Un effondrement du commerce et du tourisme

Le secteur de l’ameublement est l’un des plus touchés. Un géant du meuble ayant exposé au Salon du Kram (30 janvier – 9 février 2025) témoigne : « À cause de la nouvelle loi sur les chèques, plus personne ne pouvait acheter nos meubles. L’essentiel de nos ventes se fait à crédit et l’essentiel de nos clients sont des jeunes couples qui préparent leur mariage. Ces derniers n’ont d’autre choix que d’acheter par facilités, c’est-à-dire par l’émission de chèques antédatés. Cette option n’est désormais plus possible, puisque rares sont les personnes qui ont du cash et peuvent se permettre l’achat au comptant. »

Même son de cloche dans le tourisme. Le président de la Fédération tunisienne des agences de voyages (FTAV), Ahmed Bettaieb, a indiqué que la nouvelle législation sur les chèques avait eu un impact négatif sur le secteur.

Invité le 11 février 2025 à Studio Wataniya de Zina Zidi sur la Radio nationale, Ahmed Bettaieb a affirmé que le secteur touristique traversait une crise due à plusieurs facteurs, dont l’entrée en vigueur de cette législation sur les chèques. Celle-ci a complexifié les opérations financières. « Il y a plusieurs obstacles, notamment au niveau des moyens de paiement… Le chèque, à travers la pratique, facilitait le paiement… Ceci a été supprimé il y a de cela trois semaines, mais, sans mettre en place une alternative… Il y a les cartes de paiement échelonné… Néanmoins, celles-ci réduisent considérablement les bénéfices des agences de voyages… La traite n’a pas encore pu remplacer le chèque », a-t-il expliqué.

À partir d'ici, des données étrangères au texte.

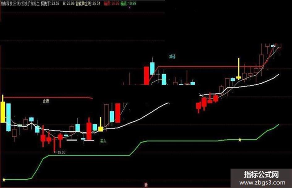 MMS:=MA(SMA((L+H+2*C)/4-REF((L+H+2*C)/4,1),5,1)/SMA(ABS((L+H+2*C)/4-REF ((L+H+2*C)/4,1)),5,1)*100,1)+50; G1:=IF(-MMS>95,0,20); UOO:=(-(((CLOSE-LLV(CLOSE,7))/(HHV(CLOSE,7)-LLV(CLOSE,7))*100=100)>0 AND G1)+1); {明日均线:=REF(C,2)*2-REF(C,5),LINETHICK0,COLOR550055 ; 后日均线:=REF(C,1)*2-REF(C,4),LINETHICK0,COLOR008800; 大后天均线:=C*2-REF(C,3),LINETHICK0,COLOR008888;} KS:=(((CLOSE - EMA(CLOSE,13)) / EMA(CLOSE,13)) * (0 - 100)); KS1:=IF(BARSCOUNT(C)=1,C/10000,(1-C/SMA(C,13,1))*100); 趋势线:=EMA(((KS / 10) + EMA(CLOSE,10)),3); AA:= - 100 * (趋势线 - CLOSE) / 趋势线; AC:=(EMA(AA,5) ); SSL:=EMA(CLOSE,3); MMV:=EMA(((SLOPE(CLOSE,22) * 20) + CLOSE),55); MM:=MMV; {STICKLINE(((SSL > MM) ),SSL,MM,0.1,0),COLORRED;} SA:=(MM * 0.985); SS:=(MA(CLOSE,5)); DD:=(MA(CLOSE,13)); GG:=(MA(CLOSE,21)); 捞钱手:IF(((SSL > MM)),MM,SA),LINETHICK2,COLORWHITE; VAR2Y:=(((CLOSE - REF(CLOSE,1)) / REF(CLOSE,1)) * 100); VAR3Y:=(((CLOSE - REF(OPEN,29)) / REF(OPEN,29)) * 100); VAR4Y:=REF(CLOSE,1); VAR5Y:=((SMA(MAX((CLOSE - VAR4Y),0),6,1) / SMA(ABS((CLOSE - VAR4Y)),6,1)) * 100); VAR6Y:=((SMA(MAX((CLOSE - VAR4Y),0),12,1) / SMA(ABS((CLOSE - VAR4Y)),12,1)) * 100); VAR7Y:=((SMA(MAX((CLOSE - VAR4Y),0),24,1) / SMA(ABS((CLOSE - VAR4Y)),24,1)) * 100); VAR8Y:=(((CLOSE - LLV(LOW,45)) / (HHV(HIGH,45) - LLV(LOW,45))) * 100); VAR9Y:=SMA(VAR8Y,3,1); VARAY:=SMA(VAR9Y,3,1); VARBY:=((3 * VAR9Y) - (2 * VARAY)); VARCY:=(CROSS(VAR5Y,10) AND (VAR3Y < (0 - (28 * 20)))); VARDY:=((100 - CROSS(76,VAR5Y)) AND (VAR3Y > (5 * 20))); DRAWICON(((CROSS(76,VAR5Y) AND (VAR3Y > 5)) ),(HIGH * 1.01),5),COLORFFFFFF; VAREY:=((((CROSS(VAR9Y,VARAY) AND (VARAY < 10)) AND (VAR3Y < (0 - 30))) AND (VAR2Y > 3)) * 30); VARFY:= - ((((VARAY < 11) AND (VAR5Y < 15)) AND (VAR3Y < (0 - 26))) * 10); DRAWICON((CROSS(VARFY,(0 - 9))),(LOW * 0.998),4); 能量线:=DMA(((CLOSE + OPEN) / 2),(VOL / (SMA(VOL,4,1) * 4))); 上开:=O; 上收:=C; 上高:=H; 上低:=L; JJ:=(上开+上高+上低)/3; A:=EMA(JJ,4); B:REF(A,1),POINTDOT,COLORYELLOW; 智能黄金线:A,COLORYELLOW,LINETHICK1; VA1:=EMA(上收,8); VA2:=EMA(上收,20); DRAWTEXT(CROSS(VA2,VA1),VA1*1.10,'止损'),COLORYELLOW; DRAWTEXT(CROSS(VA1,VA2)AND(C>=O)AND 智能黄金线>REF(智能黄金线,1),VA1*0.96,'买入'),COLOR00FF00; 选手A:=MA(上收,3); 箱顶A:=MA(REF(HHV(上收,6),1),3); 箱底A:=MA(REF(LLV(上收,3),1),3); T1:=MA(上收,20)>=REF(MA(上收,20),1); T2:=CROSS(选手A,箱底A) AND 箱顶A/箱底A>100/100 AND T1; T3:=CROSS(箱顶A,选手A) AND 箱顶A/箱底A>100/100; 选手:=MA(上收,2); 箱顶:MA(REF(HHV(上收,30),1),2),COLOR0000FF,LINETHICK2; 箱底:MA(REF(LLV(上收,30),1),2),COLOR00FF00,LINETHICK2; T4:=CROSS(选手,箱底) AND 箱顶/箱底>110/100; T5:=CROSS(箱顶,选手) AND 箱顶/箱底>110/100; VAR1:=(上收-LLV(上低,27))/(HHV(上高,27)-LLV(上低,27))*100; VAR2:=SMA(VAR1,3,1); VAR3:=SMA(VAR2,3,1); VAR4:=SMA(VAR3,3,1); DRAWTEXT(CROSS(VAR3,VAR4)AND(C>=O)AND VAR3<40 AND UOO>0,箱底,'★'),COLORF00FF0; DRAWTEXT(CROSS(VAR4,VAR3) AND VAR4>75 ,箱顶*1.03,'减磅'),COLORF0F000; VAR111:=CLOSE>REF(CLOSE,1) AND CLOSE>REF(CLOSE,2); VARD:=CLOSE<REF(CLOSE,1)AND CLOSE<REF(CLOSE,2); VARE :=REF(VARD,1) AND CLOSE>=REF(CLOSE,1) AND CLOSE<=REF(CLOSE,2); VARF :=REF(VARE,1) AND CLOSE<=REF(CLOSE,1) AND CLOSE>=REF(CLOSE,2); VAR10 :=REF(VARF,1) AND CLOSE>=REF(CLOSE,1) AND CLOSE<=REF(CLOSE,2); VAR11:=REF(VAR10,1) AND CLOSE<=REF(CLOSE,1) AND CLOSE>=REF(CLOSE,2); VAR12:=REF(VAR11,1) AND CLOSE>=REF(CLOSE,1) AND CLOSE<=REF(CLOSE,2); VAR13:=REF(VAR12,1) AND CLOSE<=REF(CLOSE,1) AND CLOSE>=REF(CLOSE,2); VAR14:=REF(VAR13,1) AND CLOSE>=REF(CLOSE,1) AND CLOSE<=REF(CLOSE,2); VAR15:=REF(VAR14,1) AND CLOSE<=REF(CLOSE,1) AND CLOSE>=REF(CLOSE,2); VAR16:=REF(VAR15,1) AND CLOSE>=REF(CLOSE,1) AND CLOSE<=REF(CLOSE,2); VAR17:=REF(VAR16,1) AND CLOSE<=REF(CLOSE,1) AND CLOSE>=REF(CLOSE,2); VAR18:=REF(VAR17,1) AND CLOSE>=REF(CLOSE,1) AND CLOSE<=REF(CLOSE,2); VAR19:=REF(VARD OR VARE OR VARF OR VAR10 OR VAR11 OR VAR12 OR VAR13 OR VAR14 OR VAR15 OR VAR16 OR VAR17 OR VAR18,1) AND VAR1; 趋势线1:=FORCAST(CLOSE,7); FK:=100*(C-REF(C,1))/REF(C,1); PK1:=IF(C<REF(O,1) AND FK<0,1,0); PK2:=IF(C<REF(O,2) AND FK<0,1,0); STICKLINE((PK1=0 AND REF(PK1,1)=1 AND PK2=0 AND REF(PK2,1)=1)AND(趋势线1>REF(趋势线1,1)OR 智能黄金线>REF(智能黄金线,1)),OPEN,CLOSE,3,0),COLORRED; STICKLINE((PK1=0 AND REF(PK1,1)=1 AND PK2=0 AND REF(PK2,1)=1)AND(趋势线1>REF(趋势线1,1)OR 智能黄金线>REF(智能黄金线,1)),H,L,0.5,0),COLORRED; PK3:=(((CLOSE / OPEN) > 1.04) AND (CLOSE <(SMA(HIGH,21,2) * 1.05))) AND ((CLOSE - REF(CLOSE,1)) > 0); STICKLINE(PK3 AND(趋势线1>REF(趋势线1,1)OR 智能黄金线>REF(智能黄金线,1)),CLOSE,OPEN,3,0),COLORRED; STICKLINE(PK3 AND(趋势线1>REF(趋势线1,1)OR 智能黄金线>REF(智能黄金线,1)),H,L,0.5,0),COLORRED; STICKLINE(VAR19 AND(趋势线>REF(趋势线1,1)OR 智能黄金线>REF(智能黄金线,1)),CLOSE,OPEN,3,0),COLORRED; STICKLINE(VAR19 AND(趋势线>REF(趋势线1,1)OR 智能黄金线>REF(智能黄金线,1)),H,L,0.5,0),COLORRED; 买进价:=((C-REF(MA(C,6),1))/6+MA(C,6))*1.004; 买进条件:=CROSS(C,买进价) AND 买进价>REF(买进价,1); STICKLINE(买进条件 AND 捞钱手>智能黄金线 AND 智能黄金线>REF(智能黄金线,1),L,L*0.998,7,0),COLORWHITE; 买线:=EMA(C,2); 卖线:=EMA(SLOPE(C,21)*20+C,42); DRAWTEXT(CROSS(买线,卖线)AND 箱顶>=REF(箱顶,1),箱底,'★'),COLOR00FFFF; STICKLINE(CROSS(买线,卖线),OPEN,CLOSE,3,0),COLOR00FFFF; STICKLINE(CROSS(买线,卖线),H,L,0.5,0),COLOR00FFFF;

Alors que la période des soldes s’étale du 15 janvier à la fin février, force est de constater la désertion dans les grands centres commerciaux de la capitale. D’habitude, on assiste à de vrais afflux et même des bousculades autour de certaines enseignes. « Cela est dû aux chèques, c’est vrai, mais également au mauvais timing. Dans quinze jours, il y a le ramadan qui arrive et qui sera suivi de l’Aïd. Les gens temporisent donc leurs achats », précise le directeur d’une enseigne turque très prisée.

 

Des chiffres inquiétants

L’analyste et chef d’entreprise Ghazi Moalla livre des données révélatrices sur les premiers jours d’application de la loi. « Entre le 2 et le 12 février, l’application TuniChèque a été téléchargée 93 000 fois et a traité 10 000 chèques, soit 1 000 par jour. Avant, nous en traitions 80 000 quotidiennement ! »

Le problème majeur réside dans la lourdeur du processus : « Faire valider un chèque via TuniChèque prend cinq minutes, sous réserve de connexion réseau. Impossible de remettre un chèque à un tiers pour paiement. Pire encore, certaines institutions publiques comme la Steg refusent d’accepter ces nouveaux chèques, faute d’équipement adapté. »

 

Une amnistie pour les escrocs ?

En dépit du marasme économique, une quarantaine de députés souhaitent introduire une loi d’amnistie pour les prisonniers condamnés pour chèques sans provision. Business News a consulté le texte, qui prévoit une amnistie pour les chèques inférieurs à 5 000 dinars ayant fait l’objet d’une attestation de non-paiement avant février 2025.

Ce projet soulève l’indignation. Jusqu’ici, la justice tunisienne s’était montrée conciliante : un débiteur avait jusqu’à 24 mois pour rembourser avant d’être condamné à de la prison ferme. Cette amnistie permettrait de libérer ceux qui, même après deux ans, n’ont pas honoré leurs engagements.

 

Une double peine pour l’économie et les victimes

Au-delà de la paralysie économique, cette proposition bafoue les droits des créanciers. « Un chèque est censé garantir l’existence de fonds. Ne pas payer son dû est une escroquerie », rappellent les analystes.

Imposée par le président de la République, la réforme des chèques a déjà plongé l’économie dans l’incertitude. Désormais, les députés veulent aller plus loin en libérant ceux qui ont failli à leurs engagements, sans garantir le remboursement des victimes. Une décision qui risque d’aggraver encore davantage la crise.